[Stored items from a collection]
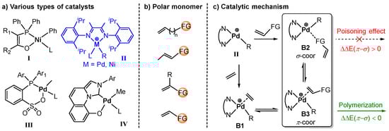 (a) Four conventional catalyst structures [8,9,10,20]. (b) Several different polar monomer structures. (c) The copolymerization mechanism of ethylene/polar monomer meditated by Brookhart-type catalysts II.
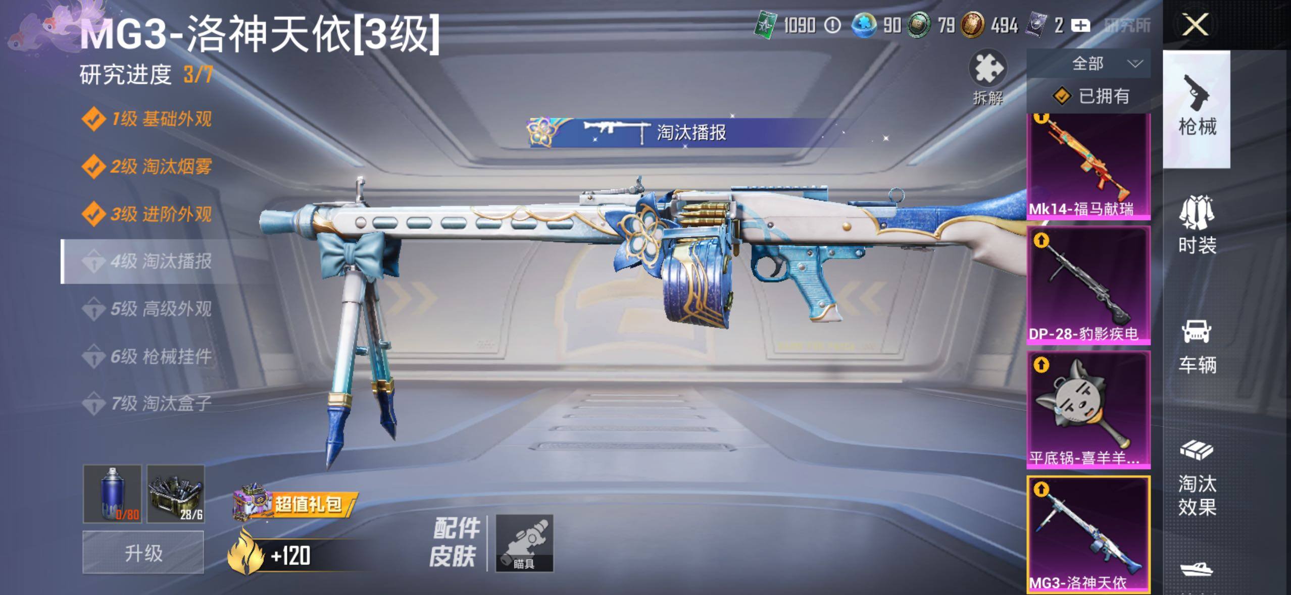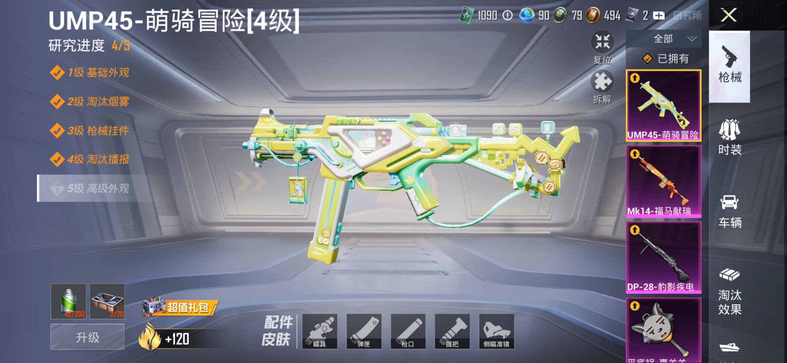 【粉色枪皮等级】:UMP45-萌骑冒险(四级),Mk14-福马献瑞(五级),DP-28-豹影疾电(五级
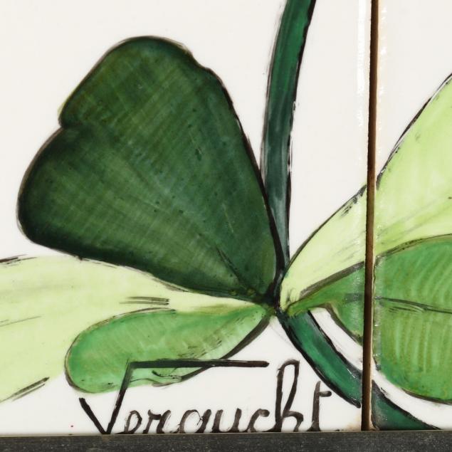 Fernand Vergucht (Belgian, 20th C), Four Oil on Tile Works Picturing Birds
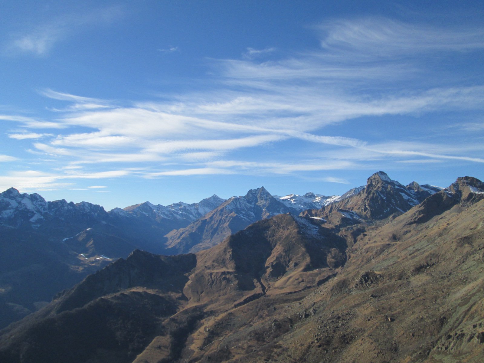 Bella escursione ad una cima poco conosciuta, non troppo lunga ma decisamente interessante e non banale nel tratto di cresta; adeguata a mio parere la valutazione EE e, come detto da chi ha proposto la gita (che ringrazio!!!), da evitare assolutamente in caso di nebbia e con terreno bagnato o gelato. Prendendola con calma abbiamo impiegato circa 3 ore per la salita e 2 ore per la discesa. Giornata come detto molto calda, con clima da Ottobre più che da fine dicembre…non si pesta neve, solo nei versanti a Nord e sopra i 2.000 metri ci sono alcune piccolissime chiazze di neve dura, sempre evitabili…
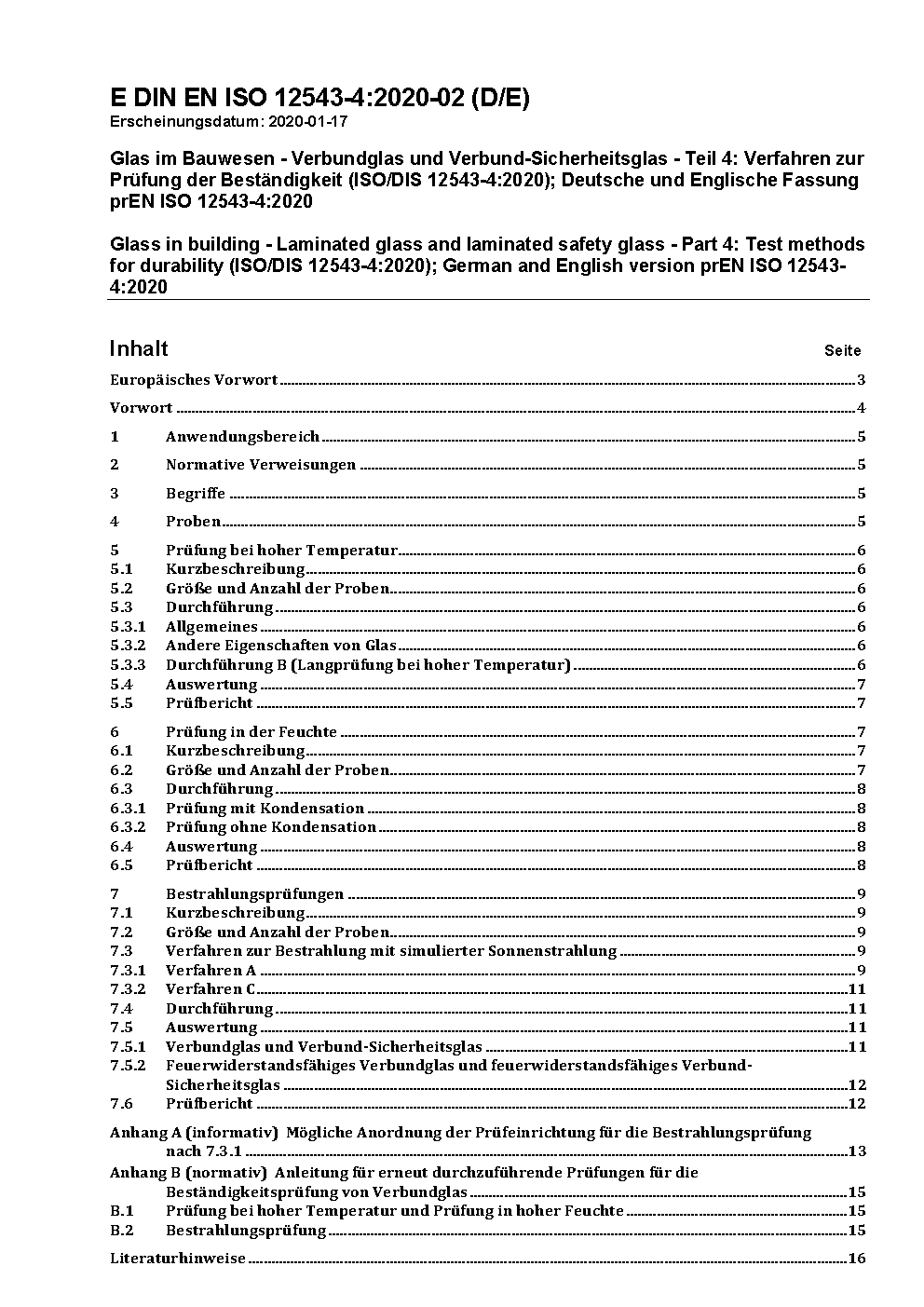 Glas im Bauwesen - Verbundglas und Verbund-Sicherheitsglas - Teil 4: Verfahren zur Prüfung der Beständigkeit (ISO 12543-4:2021); Deutsche Fassung EN ISO 12543-4:2021

◆ WHAT IS EXPECTED:
An exact copy of the lines above, from the first through the line that holds "Fernand Vergucht (Belgian, 20th", is what is needed; leave the pictures out.

◆ EXERCISE OUTPUT:
 (a) Four conventional catalyst structures [8,9,10,20]. (b) Several different polar monomer structures. (c) The copolymerization mechanism of ethylene/polar monomer meditated by Brookhart-type catalysts II.
 【粉色枪皮等级】:UMP45-萌骑冒险(四级),Mk14-福马献瑞(五级),DP-28-豹影疾电(五级
 Fernand Vergucht (Belgian, 20th C), Four Oil on Tile Works Picturing Birds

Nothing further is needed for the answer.